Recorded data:

────────────────────

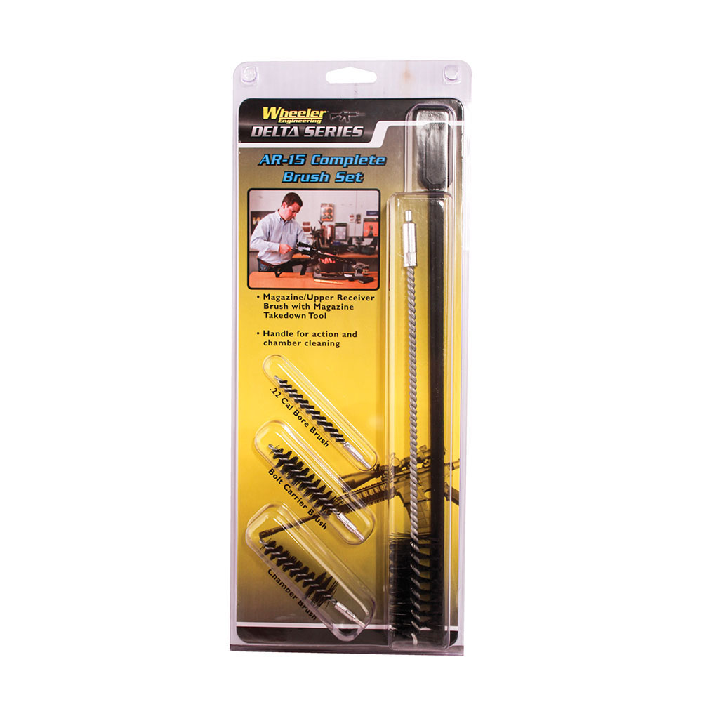 661120567158 The Wheeler Delta Series AR-15 Complete Brush Set is specifically designed for cleaning your AR-15. The brushes are made of a high quality stiff Nylon, spun around steel cores for added stability. The brushes feature an 8 x 32 thread that fit on the included cleaning handle or any 8 x 32 cleaning rod. The brush set has everything you need to clean your rifle, plus everything you need to keep your magazines clean and running reliably. The Brush Set Includes: Magazine/Upper Receiver Brush with Magazine Take down Tool Bolt Carrier Brush, Chamber Brush, .22 Cal Bore Brush, and Handle for action and chamber cleaning.Backordered, delivery from manufacturer overdue.
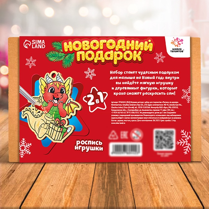 Подарите вашему ребёнку незабываемый праздник с новогодним подарком «Деревяшки + игрушка: Дракон». Этот набор включает в себя деревянные поделки для росписи и мягкую игрушку дракона. Деревянные детали легко собираются, а краски, входящие в комплект, позволят ребёнку проявить свою творческую натуру.
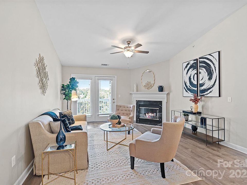 The crown jewel of Copper Ridge! This rare end-unit penthouse condo is fully move in ready with vaulted ceilings and abundant natural light. The spacious living room, highlighted by a corner fireplace, flows seamlessly into the dining area and opens directly to the covered balcony for seamless indoor-outdoor living with beautiful views. Fresh paint, new fixtures and LVP flooring extend throughout the home, complementing the kitchen with granite countertops, tiled backsplash, and ample cabinetry. The primary suite offers a large walk-in closet and upgraded bath, while a true split bedroom layout places the secondary bedroom alongside an additional updated full bath. Residents enjoy low maintenance living with resort-style amenities including a clubhouse, fitness center, sparkling pool, tennis courts, and picnic areas. Perfectly located near everything Ballantyne has to offer from award winning dining and shopping to entertainment at Ballantyne Bowl, all with convenient access to 485 for effortless commuting.
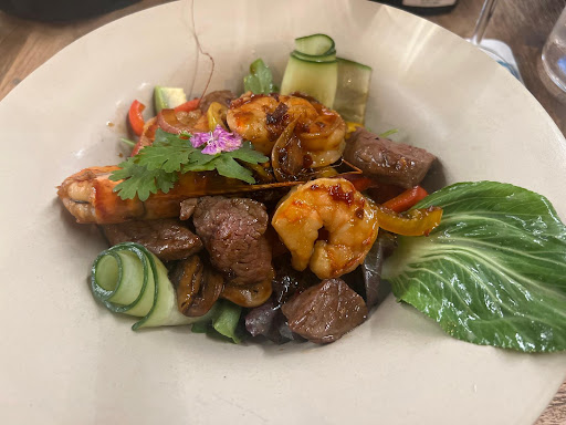 We had the Mesa burger, and the Cod. Atmosphere was friendly and cozy. The Mesa burger came with fries and a side salad, that looked a little limp. The cod came with pistachio & pesto crust and vegetables, and sauce and was very nice. The service was fairly attentive and friendly. One thing we noticed was a greasy salt/pepper mill that hadn't been cleaned between services. On the whole a nice evening meal, although the burger was not to my taste, the wine...
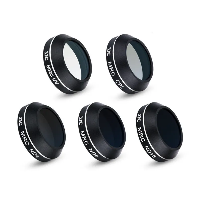 The JJC Digital Filter for DJIMAVIC PRO is a kit consisting of 5 filters. These five filters are a ND4, ND8, ND16, UV and CPL.
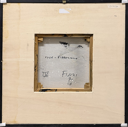 ENNIO FINZI, "Luce-vibrazione", 1971, acrilici su tela, cm 30x30. Al verso: titolo, anno, firma. Opera accompagnata da autentica su foto dell'artista e certificato di provenienza. Opera con cornice in omaggio.
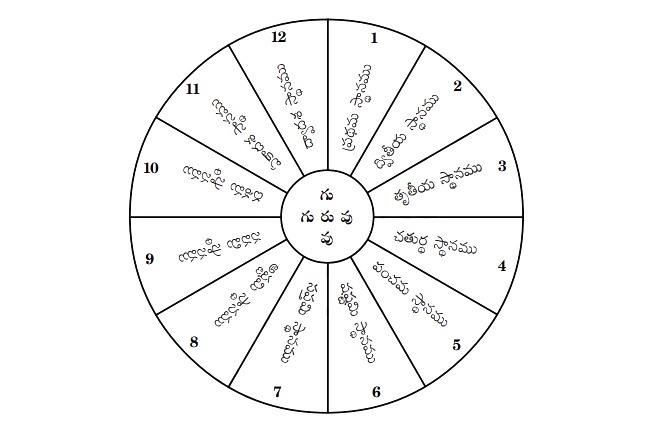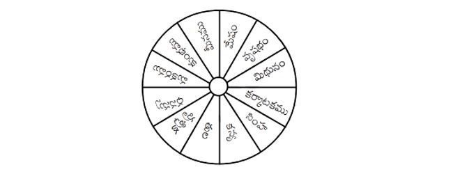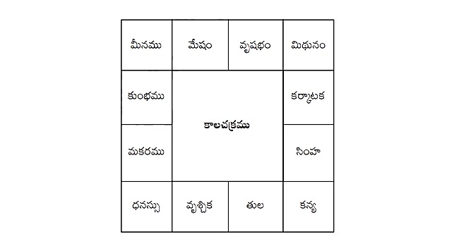 1) మేషము 2) వృషభము 3) మిథునము 4) కర్కాటకము 5) సింహము 6) కన్య 7) తుల 8) వృశ్చికము 9) ధనస్సు 10) మకరము 11) కుంభము 12) మీనము.
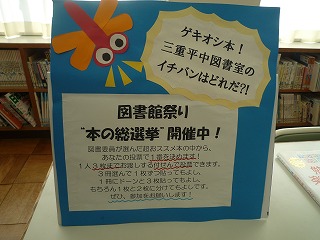 図書館まつりは11月20日まで行いますので、三重平中の生徒のみなさんはぜひ、図書室へ来てください。
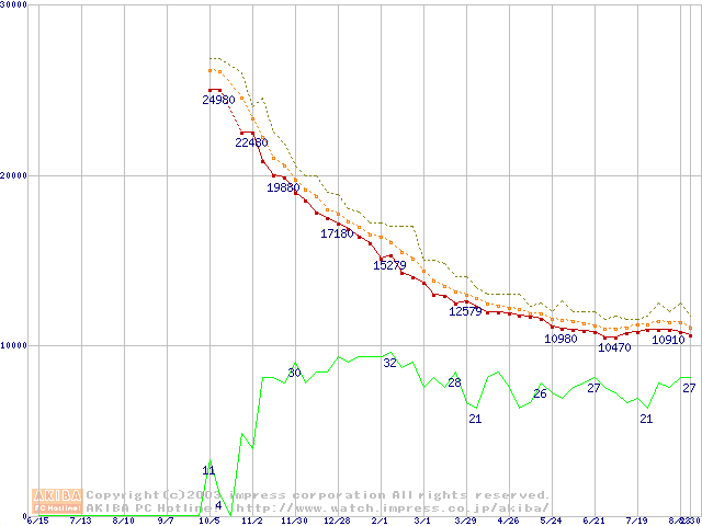 Deskstar 180GXP IC35L120AVV207-0 (120GB)の価格推移
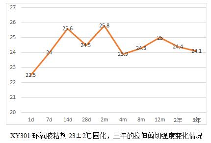 當(dāng)然通過(guò)這6個(gè)表,我們也能看出規(guī)律就是,膠粘劑產(chǎn)品高溫固化相對(duì)較為完全,后續(xù)老化數(shù)據(jù)影響不大,而常溫固化數(shù)據(jù)明顯低于高溫固化,比如XY304,常溫固化數(shù)據(jù)未25兆帕,高溫固化為28.3兆帕,而XY301室溫固化數(shù)據(jù)22.5兆帕,高溫固化為28.2,相比高出25%。
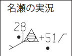 名瀬(奄美大島)では現在天気の情報から観測前1時間以内に雨があったことが示唆されます。図1の名瀬の現在天気欄には、直前まで降水があったが観測時には止んでいることを示す記号(雨のち止)が記録されています。この記号は一般に「過去1時間以内に降雨があった」場合に用いられるものです。したがって空欄⑧には「1」(時間)が該当し、「観測前1時間以内に雨があった」旨を補完します。
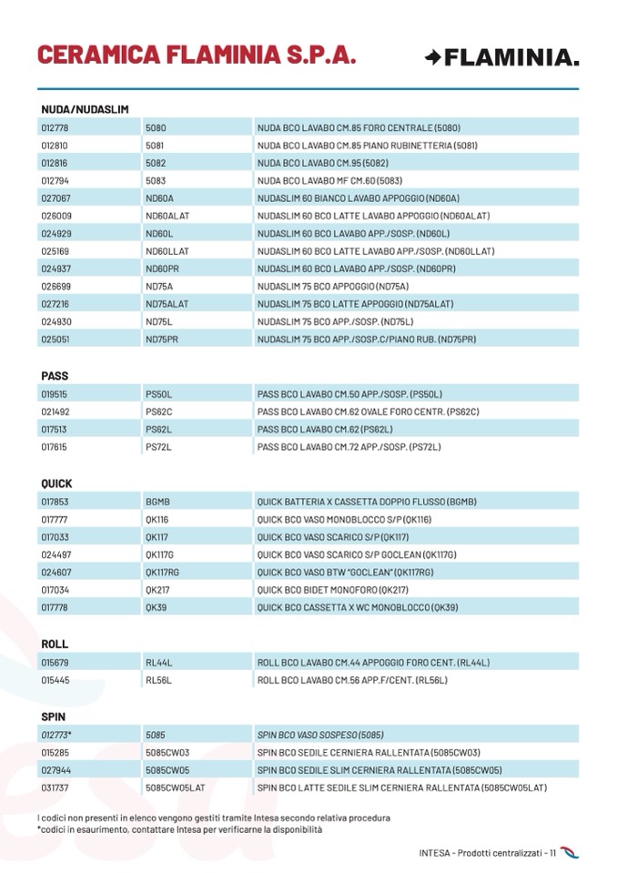 *codici in esaurimento, contattare Intesa per verificarne la disponibilità

────────────────────

**What the task asks**
What is needed is an exact copy of only the lines above from the one with "Подарите вашему ребёнку" to the one with "The crown jewel", both kept, with every picture left out.

**Answer to this exercise**
 Подарите вашему ребёнку незабываемый праздник с новогодним подарком «Деревяшки + игрушка: Дракон». Этот набор включает в себя деревянные поделки для росписи и мягкую игрушку дракона. Деревянные детали легко собираются, а краски, входящие в комплект, позволят ребёнку проявить свою творческую натуру.
 The crown jewel of Copper Ridge! This rare end-unit penthouse condo is fully move in ready with vaulted ceilings and abundant natural light. The spacious living room, highlighted by a corner fireplace, flows seamlessly into the dining area and opens directly to the covered balcony for seamless indoor-outdoor living with beautiful views. Fresh paint, new fixtures and LVP flooring extend throughout the home, complementing the kitchen with granite countertops, tiled backsplash, and ample cabinetry. The primary suite offers a large walk-in closet and upgraded bath, while a true split bedroom layout places the secondary bedroom alongside an additional updated full bath. Residents enjoy low maintenance living with resort-style amenities including a clubhouse, fitness center, sparkling pool, tennis courts, and picnic areas. Perfectly located near everything Ballantyne has to offer from award winning dining and shopping to entertainment at Ballantyne Bowl, all with convenient access to 485 for effortless commuting.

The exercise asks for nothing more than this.